(Stored records)
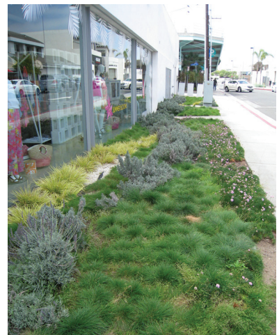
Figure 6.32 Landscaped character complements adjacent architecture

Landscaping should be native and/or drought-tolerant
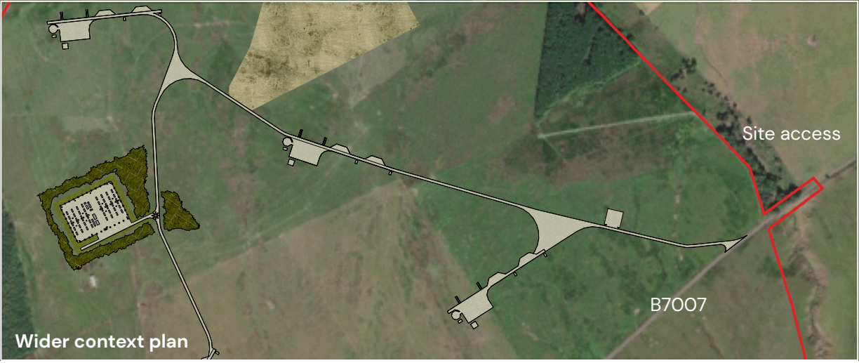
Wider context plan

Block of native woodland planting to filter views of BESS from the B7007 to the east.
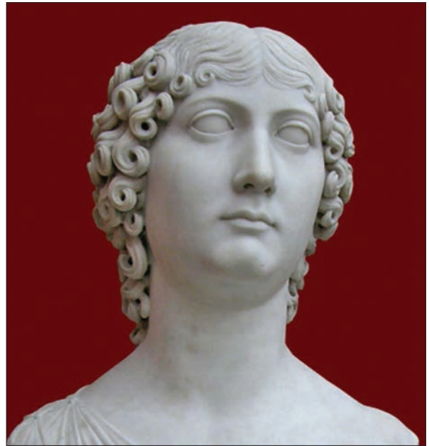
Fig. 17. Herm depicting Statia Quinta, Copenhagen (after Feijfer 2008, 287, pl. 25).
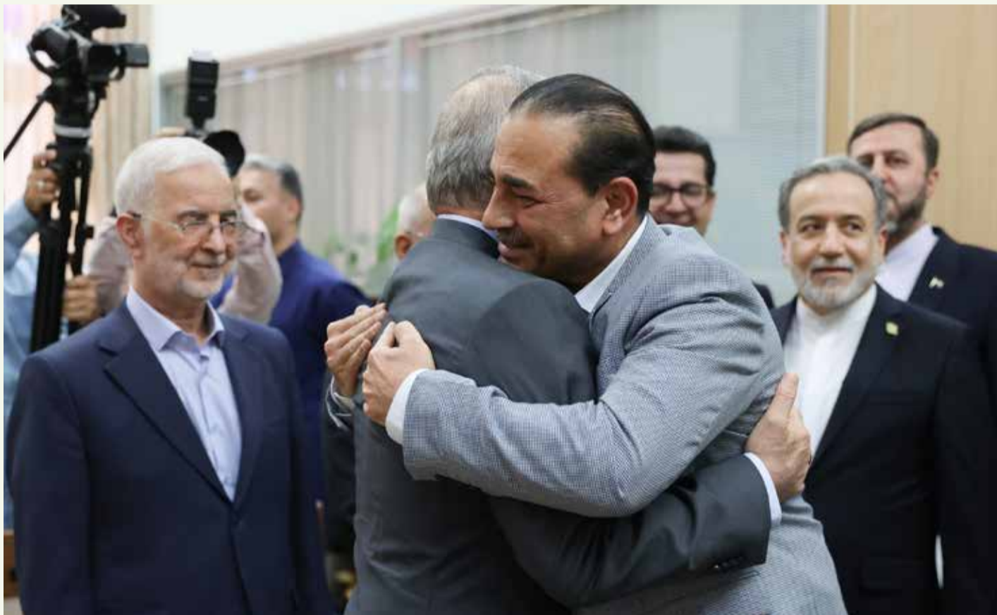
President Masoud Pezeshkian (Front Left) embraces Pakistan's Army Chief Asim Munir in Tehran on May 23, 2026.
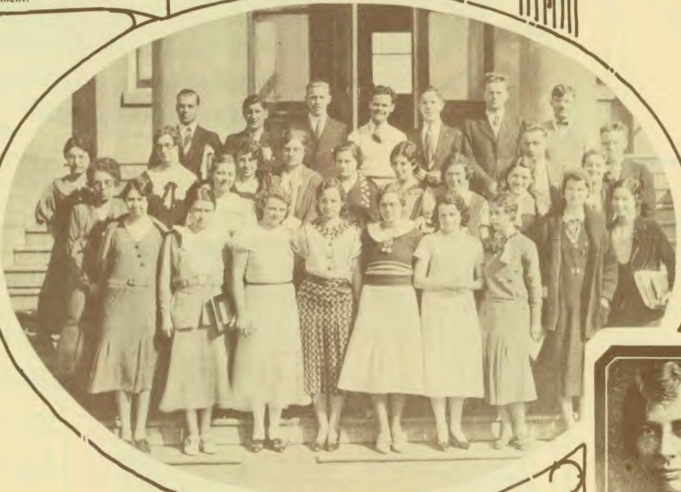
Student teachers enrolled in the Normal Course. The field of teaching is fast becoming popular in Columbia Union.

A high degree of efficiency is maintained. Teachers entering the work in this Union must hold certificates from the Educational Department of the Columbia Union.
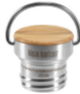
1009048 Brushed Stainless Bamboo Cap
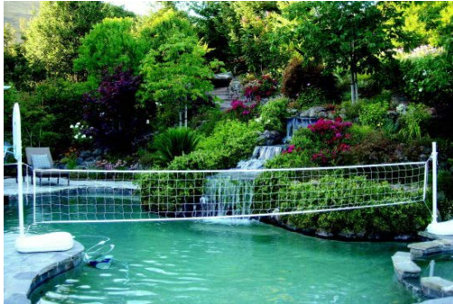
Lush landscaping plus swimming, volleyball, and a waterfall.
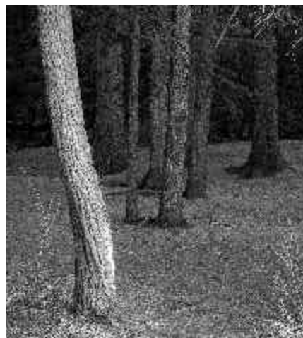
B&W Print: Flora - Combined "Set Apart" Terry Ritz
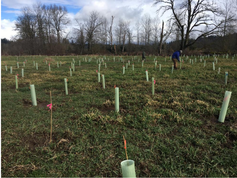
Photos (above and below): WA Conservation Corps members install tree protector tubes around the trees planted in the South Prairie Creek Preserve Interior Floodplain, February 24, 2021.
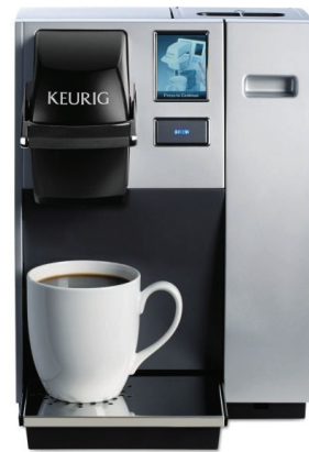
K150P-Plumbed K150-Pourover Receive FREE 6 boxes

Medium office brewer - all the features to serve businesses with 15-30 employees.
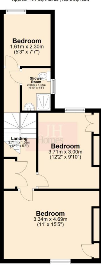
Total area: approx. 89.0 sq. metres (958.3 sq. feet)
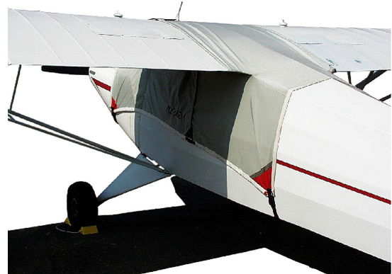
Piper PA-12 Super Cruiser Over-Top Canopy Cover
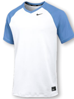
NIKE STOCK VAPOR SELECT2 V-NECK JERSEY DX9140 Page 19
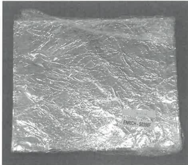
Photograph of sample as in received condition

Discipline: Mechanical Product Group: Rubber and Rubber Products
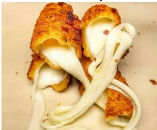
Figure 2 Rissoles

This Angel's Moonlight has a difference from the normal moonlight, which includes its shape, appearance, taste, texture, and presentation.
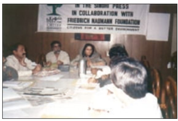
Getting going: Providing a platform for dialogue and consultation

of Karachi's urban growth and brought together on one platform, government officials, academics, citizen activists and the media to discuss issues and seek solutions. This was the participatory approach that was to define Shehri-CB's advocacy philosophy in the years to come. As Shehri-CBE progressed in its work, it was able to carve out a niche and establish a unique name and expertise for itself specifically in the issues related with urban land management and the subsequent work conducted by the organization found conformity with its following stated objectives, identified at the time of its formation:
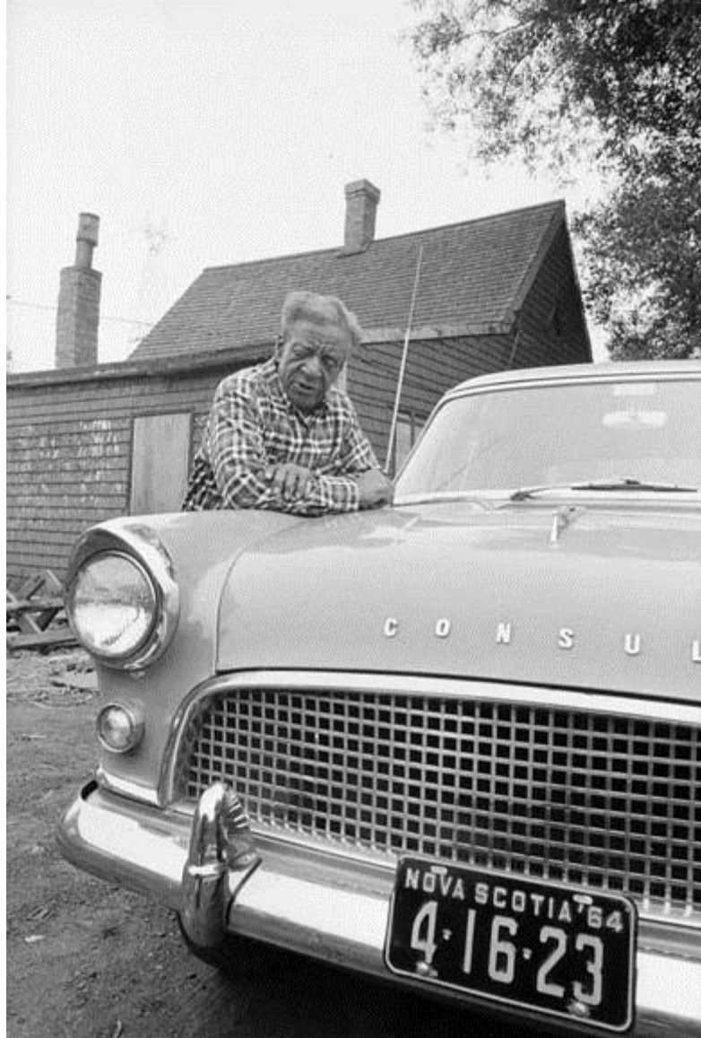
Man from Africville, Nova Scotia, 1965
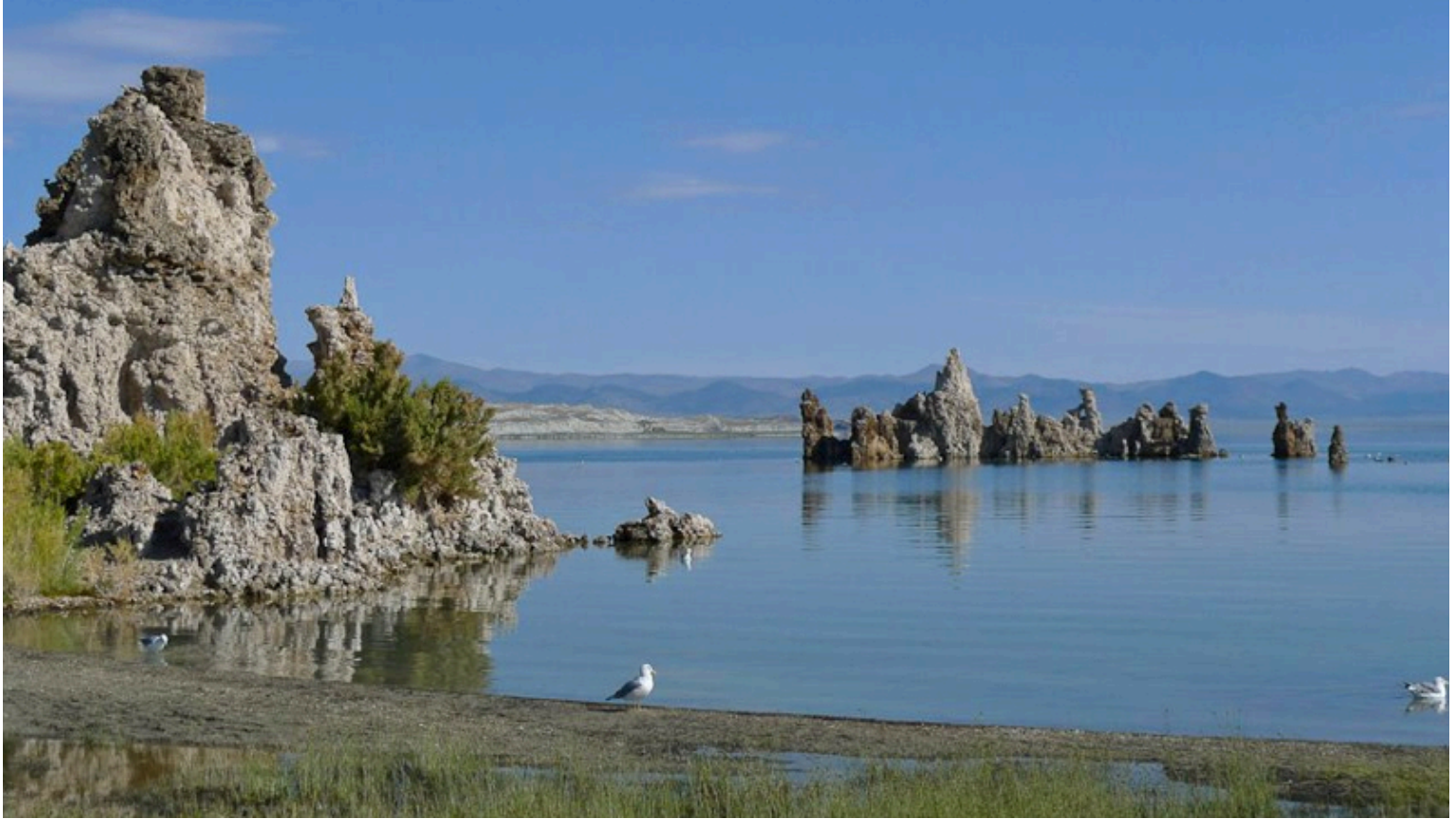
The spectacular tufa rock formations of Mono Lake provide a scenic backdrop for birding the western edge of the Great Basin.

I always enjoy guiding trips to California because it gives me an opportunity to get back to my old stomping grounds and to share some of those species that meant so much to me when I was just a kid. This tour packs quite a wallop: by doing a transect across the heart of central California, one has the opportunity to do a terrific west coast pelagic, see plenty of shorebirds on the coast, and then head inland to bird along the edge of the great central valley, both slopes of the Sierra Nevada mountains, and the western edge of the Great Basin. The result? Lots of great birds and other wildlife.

● **EXERCISE REQUIREMENTS**
Make an exact copy of the lines above, beginning with the line with "A high degree" and ending with the line with "Getting going: Providing", and keep the pictures out of it.

● **RESULT OF THE EXERCISE**
A high degree of efficiency is maintained. Teachers entering the work in this Union must hold certificates from the Educational Department of the Columbia Union.
1009048 Brushed Stainless Bamboo Cap
Lush landscaping plus swimming, volleyball, and a waterfall.
B&W Print: Flora - Combined "Set Apart" Terry Ritz
Photos (above and below): WA Conservation Corps members install tree protector tubes around the trees planted in the South Prairie Creek Preserve Interior Floodplain, February 24, 2021.
K150P-Plumbed K150-Pourover Receive FREE 6 boxes

Medium office brewer - all the features to serve businesses with 15-30 employees.
Total area: approx. 89.0 sq. metres (958.3 sq. feet)
Piper PA-12 Super Cruiser Over-Top Canopy Cover
NIKE STOCK VAPOR SELECT2 V-NECK JERSEY DX9140 Page 19
Photograph of sample as in received condition

Discipline: Mechanical Product Group: Rubber and Rubber Products
Figure 2 Rissoles

This Angel's Moonlight has a difference from the normal moonlight, which includes its shape, appearance, taste, texture, and presentation.
Getting going: Providing a platform for dialogue and consultation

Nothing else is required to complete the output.